The Portuguese climate is becoming dryer, and it is indispensable to develop adaptation strategies to face water scarcity. In this framework, a smart irrigation, optimizing grape composition and providing a balanced solution between environment and plant requirements can become a relevant option. Indeed, with higher dryness, and without irrigation, yield reductions were already found in Portugal (i.e., Alentejo, Lisboa, Minho and Terras-da-Beira) [15]. Moreover, an efficient irrigation showed a diminishing volume of water applied to crops fields by 30–70% and an increase in crop yields by 20–90% [16]. According to our data, the experimental field with Moscatel grapes showed a moderate capacity of surface drainage in 63.86% of the area (Table 1), which determines a moderate infiltration capacity, contributing to the groundwater recharge (i.e., water available for plant growth) [17]. Additionally, as this field is being irrigated, the potential hydric stress derived by rain scarcity, observed in recent decades, is being mitigated.
In Turkey, fertilization with Zn was carried out by leaves spraying, which determined increases in productivity of about 25% in cereals, with the concurrent augmentation of Zn contents in the edible parts of the plants [18]. Our study also showed an increase in Zn content in grapes sprayed with ZnO and ZnSO4 (Table 2). In addition, following [19,20], Zn biofortification through foliar application, also affected yield parameters.
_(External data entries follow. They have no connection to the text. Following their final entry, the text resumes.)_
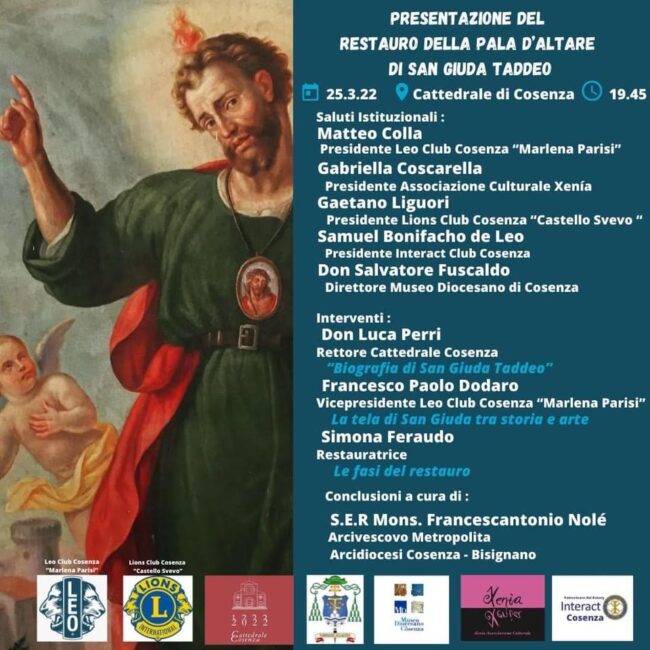 25 marzo 2022. Restauro, la pala d’altare raffigurante San Giuda Taddeo – Cattedrale di Cosenza Dopo attenti lavori di restauro, la pala d’altare raffigurante San Giuda Taddeo eseguita da Giovanbattista…
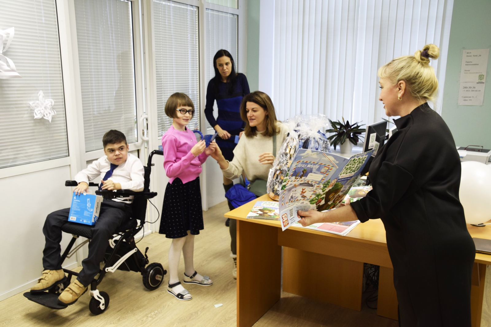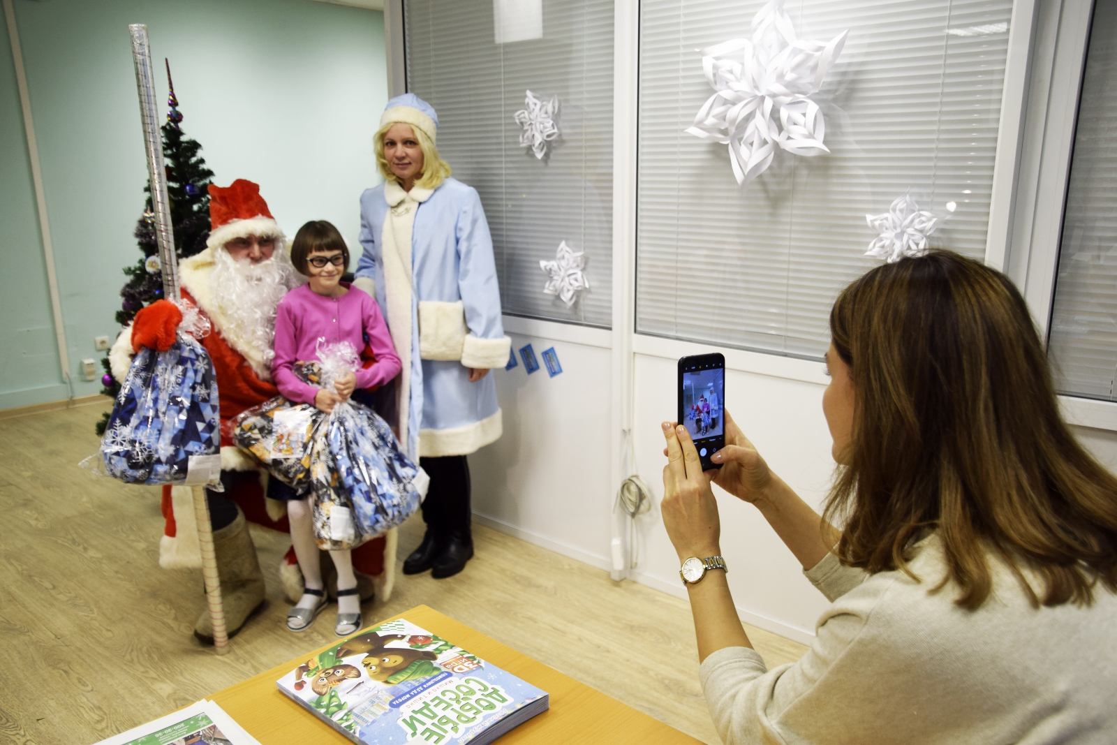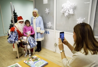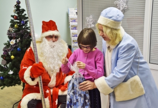 Также, совместно с коллективом Администрации Ленинского района, в пятницу было проведено небольшое праздничное мероприятие в приемной Фонда, в рамках которого подарки были переданы семьям детей с ограниченными возможностями здоровья. Малышей поздравили с наступающим Новым годом Дед Мороз и Снегурочка.
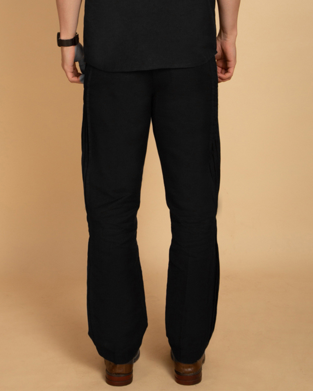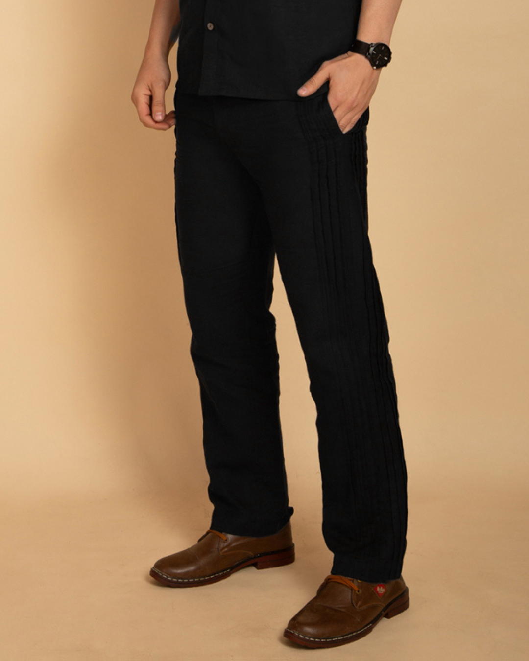 These Men's Black Pintuck Tailored Pants combine timeless style with modern comfort. Featuring pintuck details for added structure and a sharp, tailored fit, these pants provide a clean, sophisticated look. Made from a high-quality black hemp-cotton blend fabric, they offer durability, breathability, and a soft feel for all-day comfort. Perfect for both formal settings and casual outings, these versatile pants can be paired with a dress shirt for the office or a sweater for a more relaxed look. A must-have for any man who values both style and sustainability in his wardrobe.
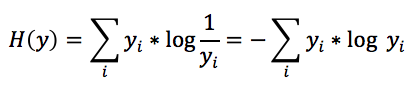 幸运的是,香农(Shannon)老先生证明了,如果你知道一个变量的真实分布,那么为了使得你使用的平均bit最少,那么你应该给这个变量的第i个取值分配log1/yi个bit,其中yi是变量的第i个取值的概率。如果我们按照这样的方式来分配bit,那么我们就可以得到最优的数据传输方案,在这个方案下,我们为了传输这个分布产生的数据,平均使用的bit数量为:

Indeed, through vegetation indices, namely NDVI, is possible to access health conditions, providing information of photosynthetic capacity, which can be correlated with plant vigor and vegetation abundance, health and growth [21,22]. This index has values normalized between +1 and −1, with higher values indicating a denser vegetation [22]. In fact, our data showed higher values for NDVI in the vines fertilized with ZnSO4 and ZnO, relative to the control, but treatments with ZnSO4 triggered a higher vigor (Table 3).
5. Conclusions
Through images obtained with cameras attached to UAVs, it is possible to obtain information about morphology of the field and potential limiting conditions for vines development. Using the Moscatel field as a test system, important characteristics—namely, moderate infiltration capacity and the use of irrigation, enabling vines to have more resistance to hydric stress—were optimized. The obtained images further provided information regarding the crops’ state, detecting a positive response to Zn fertilization with an increase in the Zn content and vigor of vines subjected to ZnO and ZnSO4.
Supplementary Materials
The following are available online at https://www.mdpi.com/article/10.3390/IECAG2021-09663/s1.
Author Contributions
Conceptualization, P.S.C., J.C.R. and F.C.L.; methodology, M.G.B., J.C.K. and F.C.L.; software, M.G.B.; formal analysis, D.D., C.C.P., A.R.F.C., A.C.M., I.C.L., J.C. and J.C.K.; resources, M.M.S., M.S., F.H.R., M.F.P., P.L., M.G.B., J.C.K., J.A.A. and F.C.L.; writing—original draft preparation, D.D.; writing—review and editing, D.D. and F.C.L.; supervision, F.C.L.; project administration, F.C.L.; funding acquisition, F.C.L. All authors have read and agreed to the published version of the manuscript.
Funding
This research was funded by PDR2020, grant number 101-030727.
Acknowledgments
The authors thanks to Engenier Luís Silva (Adega Cooperativa de Palmela- Casa Agrícola Nunes Oliveira da Silva Lda) for technical assistance. We also thanks to the Research centres (GeoBioTec) UIDB/04035/2020 and (CEF) UIDB/00239/2020 for support facilities.
Conflicts of Interest
The authors declare no conflict of interest. The founding sponsors had no role in the design of the study; in the collection, analyses, or interpretation of data; in the writing of the manuscript, or in the decision to publish the results.
References
- Berners-Lee, M.; Kennelly, C.; Watson, R.; Hewitt, C.N. Current global food production is sufficient to meet human nutritional needs in 2050 provided there is radical societal adaptation. Elem. Sci. Anth. 2018, 6–52. [Google Scholar] [CrossRef]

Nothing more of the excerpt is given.